One rule for the government, another for the governed.
On April 6th this year, the Carers Leave Act 2023 came into force. A private member’s bill brought forward last year by Wendy Chamberlain MP, it has resulted in employees caring for an adult friend or family member in England, Scotland and Wales getting a legal right to one week’s unpaid leave. Whilst some have argued it should have been paid leave, it is seen by most people we have spoken with as at least a step in the right direction.
However, the relative positivity of this legislation has had the shine taken off it in recent weeks due to reporting about the DWP taking what many see as excessive actions against technical breeches of eligibility rules for the main welfare benefit for carers, the Carers Allowance. Key amongst these rules is that claimants must not earn more than £151 per week (subject to certain deductions) and if they exceed this figure by as much as £1, from that point they are no longer eligible for the whole benefit, currently £81.90 per week. Given the fact that many claimants are themselves dealing with stressful situations, what we are talking about here is in the main not benefit abuse, but inadvertent mistakes not being reported due to things like failing to account for a small pay rise or an extra hour of work.

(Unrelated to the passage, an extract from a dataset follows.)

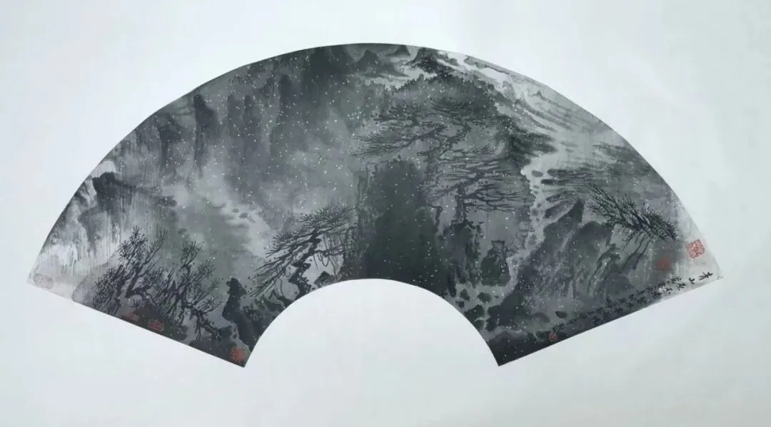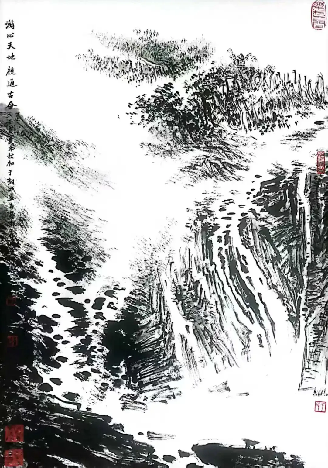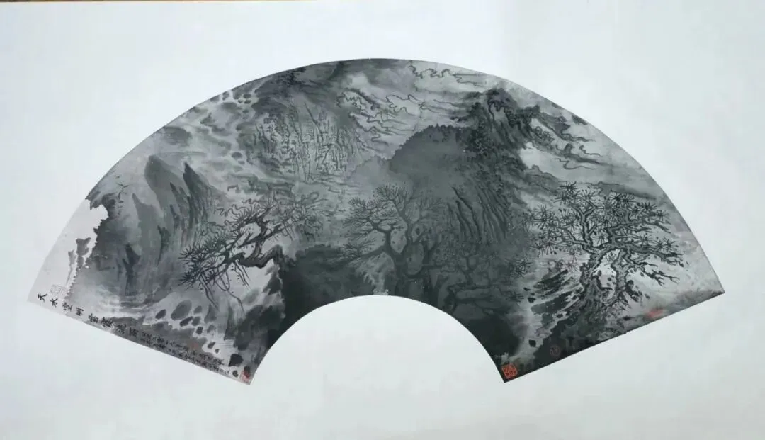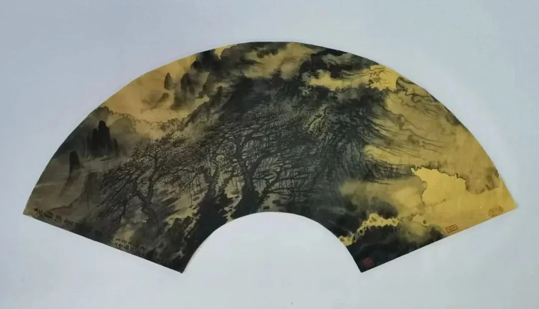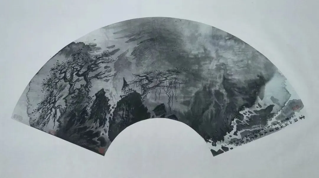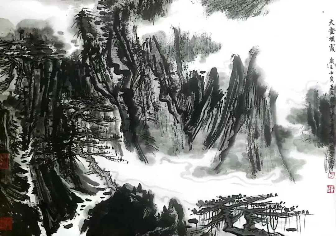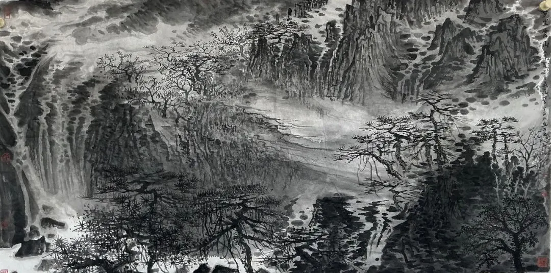 当我们深入探究其笔墨技法时,发现在苍茫洪濛的墨韵中潜藏的,是开合掩映的构图经营,是华夏山河的貌离神合,是顿挫劲挺的笔法和泼洒自如的墨法。这格局、这气势、这笔墨,形成了浑然的交响。这浑然交响的境界,既具前人的传统韵味,又不重复前人的模式和符号。

Seemingly if one wants to be cynical, just another example of politicians giving with one hand and taking with another. If you are in a more charitable frame of mind, an example of a lack of joined up thinking and compassion when it comes to supporting the more vulnerable in our society.
Within weeks of the Carers Leave Act coming into force, the Guardian newspaper revealed that tens of thousands of unpaid carers were being fined huge sums and, in some cases, prosecuted for such minor infringements of earnings rules related to Carers Allowance. Johnny Timpson, financial inclusion commissioner who advised No 10 on its dementia strategy, subsequently resigned from the prime minister's Dementia Friendly Communities Champion Group in protest over the current carers benefit repayment system. As reported in FT Adviser1 when explaining the issue, Johnny Timpson said ‘for people who are in receipt of carers allowance or pension credit, the onus is currently on them to inform the DWP?if they have been overclaiming’.
So, unlike the FCAs approach to vulnerable clients that is operating in financial services, which requires advice firms to focus on vulnerable customers, use their own data to identify vulnerable customers, and make interventions as quickly as possible to improve vulnerable customer outcomes and avoid foreseeable harm,?the DWP’s vulnerable customer policy is based upon those in vulnerable circumstances flagging to the department?if?they are being overpaid. As Johnny Timpson is quoted again in the FT Adviser article, ‘The DWP is out of step with the expectations that the Treasury have of financial services firms and there needs to be some consistency.”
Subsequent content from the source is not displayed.